英語の数学論文では、定理などのステートメントは慣例上イタリック体 (例:Italic font style looks like this.) で組まれる。地の文の文字が右へ傾斜するわけだが、数学記号のなかには傾斜しないものもたくさんある。それで、f のような背の高い文字が傾斜しているあとに傾斜しない数学記号が来ると、文字と記号が近付きすぎるきらいがある。そこで TeX では各フォントの各文字にそれぞれ「イタリック補正」という量が定められている。これを入れて調整することで、文が多少なりとも読みやすくなる。

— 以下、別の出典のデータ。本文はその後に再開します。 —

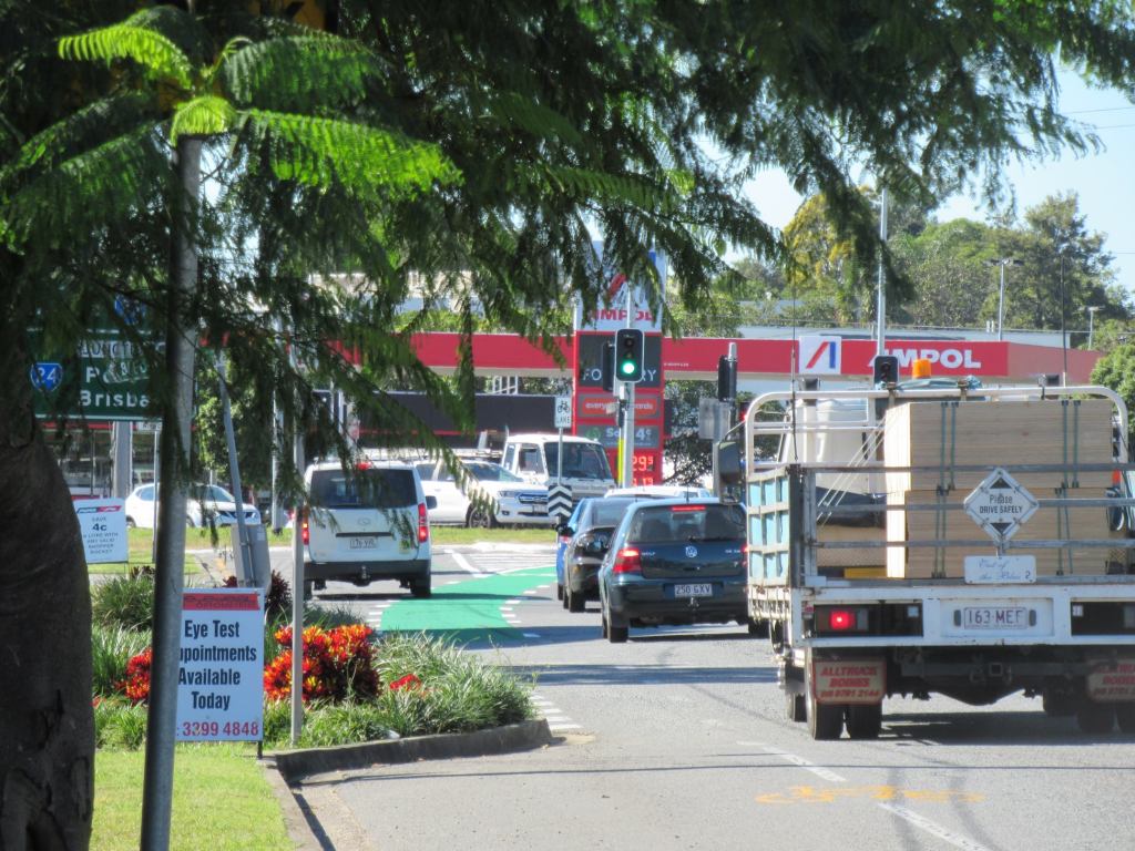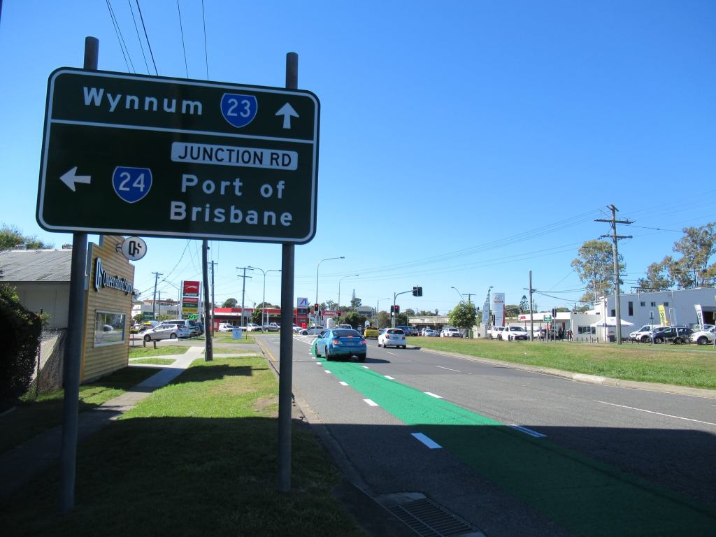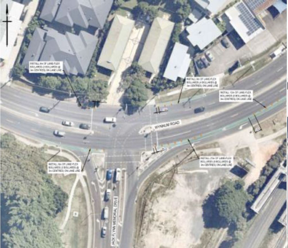 First up will be the intersection of Wynnum Road and Jack Flynn Memorial Drive – near Morningside Station. It appears from the very fuzzy diagram provided, that the flex-posts will be installed along the right hand side of the green strip approaching the intersection inbound on Wynnum Road, and along the short strip of bike lane after the intersection for both inbound and outbound riders on Wynnum Road.

数式用イタリックフォントと文章用イタリックフォントの比較

数式に出てくる変数名などの文字には原則として数式用イタリックフォント (Math Italic) が用いられる。数式用イタリックフォントと地の文のイタリックフォントは少しだけ字体が違うのだけど、この画像でもわかるように、けっこうまぎらわしい。もっとも、これはTeXだけの問題ではなくて、英文の電子メールで数学の話をしている時なども悩みのタネになる。

あともうひとつ。TeXでいろいろなフォントを利用するのが簡単になってきたのは喜ばしいことではあるが、だからといって数式などで珍妙な記号を濫発するのは慎しみたい。書き手が組版テクノロジーを駆使して書いた文書であっても、読む側は百年来変わらぬ紙とペンで内容を追いかけなければならないからだ。記号が足りないというのも本当なのだろうけど、数式にドイツ風のひげ文字が出てくるたびに泣いている俺としては、凝った記号はなるべく使ってほしくない。せいぜい♢とか♣︎くらいまでにしておいてほしい。そういえば、『キューネン数学基礎論講義』では、数式番号が✌︎になっている箇所があったし、同じくKunenの論文には「証明終」の印が☕︎になっているのがあった。まあ、数学的なコンセプトを表わす記号でなく他の記号で代用してさしつかえないから、これはまだ許せる。『キューネン数学基礎論講義』でモデルの記号を古めかしいひげ文字で書いていたのには閉口したけど。